Startup Company Airware Shuts Down After $118 Million Loss

In today’s drone market, lots of startups sprout in every direction. Most offer grand promises about new age drones that can revolutionize the way you see machines. Some offer new features like longer battery life, a more specialized camera, or even a new program built in. Most of these startups use the platform Kickstarter to amass funding by pitching their ideas to the public. The public can then donate funds to make the startup a reality, and in return, they get perks when the company starts selling.

But not every startup gets to see the light of day. Not every Kickstarter campaign ends in a multi-million profit for their creations. Most of them simply fizzle out and cease to exist before they even get rolling. All that hype, all that funding, and then nothing.

Airware Meets a Dead End

A similar scenario happened recently with the drone startup Airware. Airware recently amassed over $118 million in funding, where they aimed to create their own drone hardware to compete with the big brands like DJI. They also planned on creating a cloud storage system centered on drones.
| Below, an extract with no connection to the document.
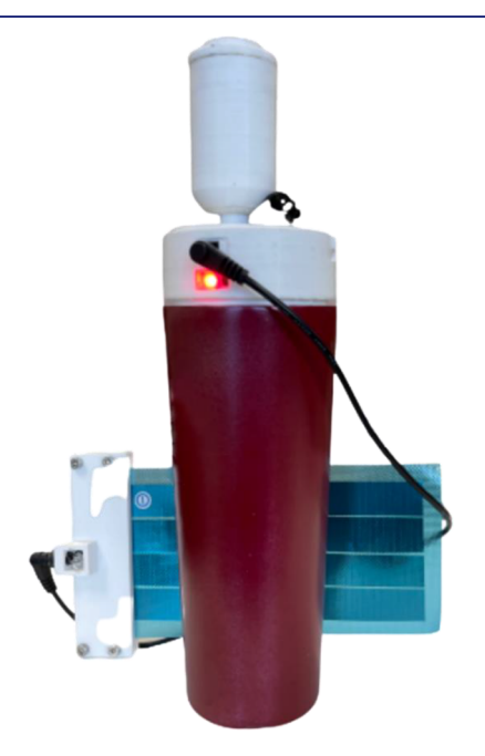
Figure 4. 3-in-1 Solar Aqua Tech water bottle in operation with prefilter powered by a solar panel.

The team collectively used their artistic talents to make the SAT water bottle functional and attractive. The stainless-steel bottle with the 3D-printed cap was painted with RHS's color, maroon. A laser engraver was used to etch a custom logo. Figure 4 shows the "3-in-1" SAT prototype water bottle in

Here, companies worldwide can use drones to inspect their businesses in place of using manpower and expensive aircrafts to do it themselves.

A bold plan, considering creating a brand from scratch can be a difficult endeavor. Airware snowballed into about 140 employees before the inevitable implosion. The end was so unexpected that their staff did not even know about the bankruptcy. Not until an email was sent out of the company’s plans for shutting down.

So what went wrong?

Apparently, they wanted to make software and hardware with a very specific niche. When your items only appeal to a specific – very narrow – market, growth can’t be a possibility. According to previous employees, Airware spent a lot of their startup money trying to create programs that can’t be utilized by today’s drone technology. They spent all this time and effort creating hardware that ended up being a bust, burning a lot of money along the way.

Their insistence of avoiding the paths of bigger companies like DJI proved to be their own undoing. Turns out, maybe – just maybe – a successful drone company was doing something right. They overspent trying to create their own path, and it came back to bite them. It was not about the product, but more on the management and their financial woes. Had their owners spend their money more wisely, they might still be afloat today.